Recommendations in a major government-backed report on “sickness absence” have placed a worrying question-mark over vital new equality laws that protect disabled job-seekers from discrimination, say campaigners.
The health at work report was published last week and has already secured backing from the prime minister, David Cameron.
But hidden in the report is a recommendation to “reconsider” the new ban on employers using health questionnaires to discriminate against disabled job applicants, which was introduced through Labour’s Equality Act.
The measure only became law in October 2010 and was welcomed by disabled people’s organisations as a major step forward for disability rights.
Liz Sayce, chief executive of RADAR, said she would be “very concerned” if the government moved to scrap the measure, which she said would be “incredibly retrograde”.
The ban was first recommended by the Disability Rights Task Force in 1999, and Sayce said there had been a “huge amount” of discussion and research that showed the need to ban the use of such questionnaires.
She said: “This is not the time for reconsideration of proposals designed to enable more disabled people to get into employment.”
Sayce said there were “some positive things” in the report, particularly its focus on reducing the annual flow of 300,000 people who leave their jobs due to ill-health or disability.
But she said she had concerns about one of the report’s key recommendations, for the government to fund a new “independent assessment service”, to which employers or GPs could refer people who have been on sickness absence from work for more than four weeks.
Sayce said it would be crucial that any such service “understands the adjustments that people need, the support that might enable people to work”.
She said: “It must not be a clinical, medical assessment.
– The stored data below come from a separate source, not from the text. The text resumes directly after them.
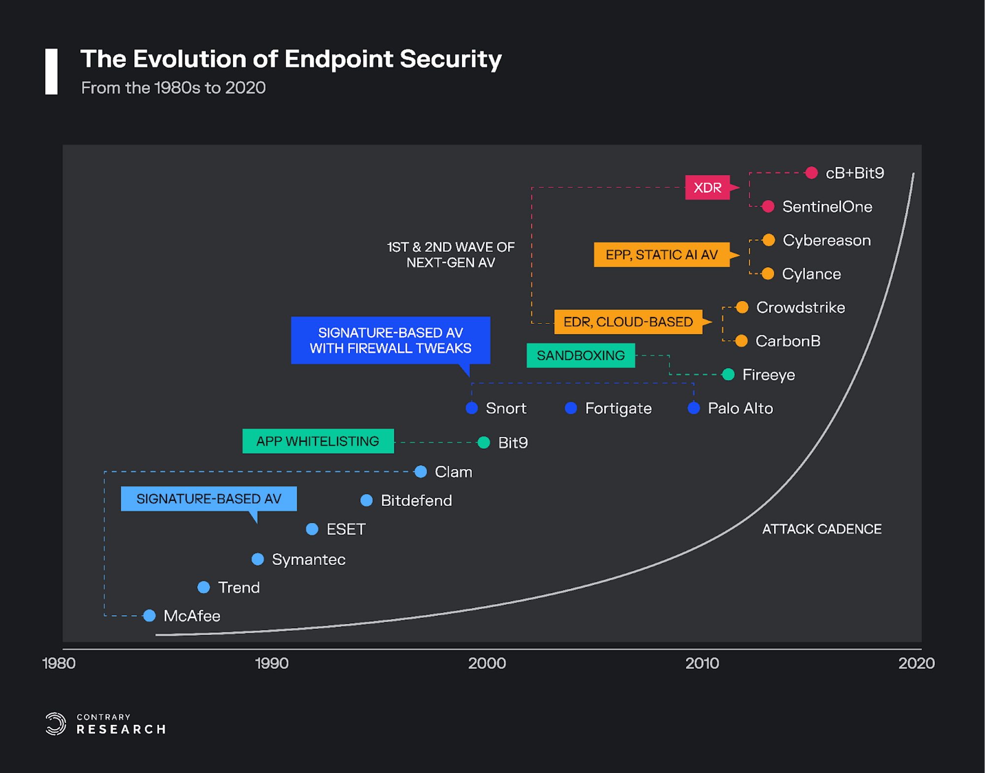 Over time, endpoint security technology has evolved from legacy signature-based antivirus into endpoint detection, and eventually became unified as XDR. As a result of how quickly the technology continues to improve, large incumbents like Trend Micro and McAfee have been increasingly unseated, and emerging players like CrowdStrike and SentinelOne are quickly capturing market share from these leading players. This has led to the creation of adjacent markets like cloud workload protection, and Industrial IoT for the endpoint protection industry. Companies that can keep pace with the technology, and how hackers continue to change their tactics, will emerge to be long-term winners in this market.
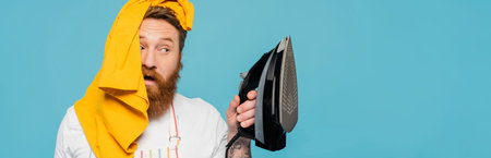 discouraged man with yellow clothing on head holding electric iron isolated on blue, banner
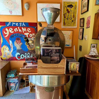 What you do get is artwork from local artists and Karcic himself dotting the walls, along with a few stray empty jute bags that once held raw coffee beans ready for roasting. On this day, a half-filled box of vinyl albums and CD’s stood guard over the Sweet Maria’s roaster.

It must be something that is much more social model.
“If it is only about checking up on people then it will not work well. People need something that is quite supportive.”
The report was written by Dame Carol Black, the government’s national director for health and work and a former president of the Royal College of Physicians, and David Frost, former director general of the British Chambers of Commerce. The government will publish a response to their review next year.
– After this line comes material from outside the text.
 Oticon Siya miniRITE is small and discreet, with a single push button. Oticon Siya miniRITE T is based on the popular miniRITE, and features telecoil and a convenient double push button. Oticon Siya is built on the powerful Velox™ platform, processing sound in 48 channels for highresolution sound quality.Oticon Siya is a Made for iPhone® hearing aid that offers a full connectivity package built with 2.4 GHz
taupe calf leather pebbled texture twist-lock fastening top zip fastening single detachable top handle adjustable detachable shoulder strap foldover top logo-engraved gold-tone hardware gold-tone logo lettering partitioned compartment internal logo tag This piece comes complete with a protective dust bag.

The report also calls on the government to scrap the 13-week “assessment phase” for employment and support allowance (ESA) – the new replacement for incapacity benefit – because of delays in completing the work capability assessment, which tests ESA eligibility.
The report says 11 million employees a year take sick leave, with about 300,000 going on to claim ESA. The authors claim their recommendations would cut the number of new ESA claims by half.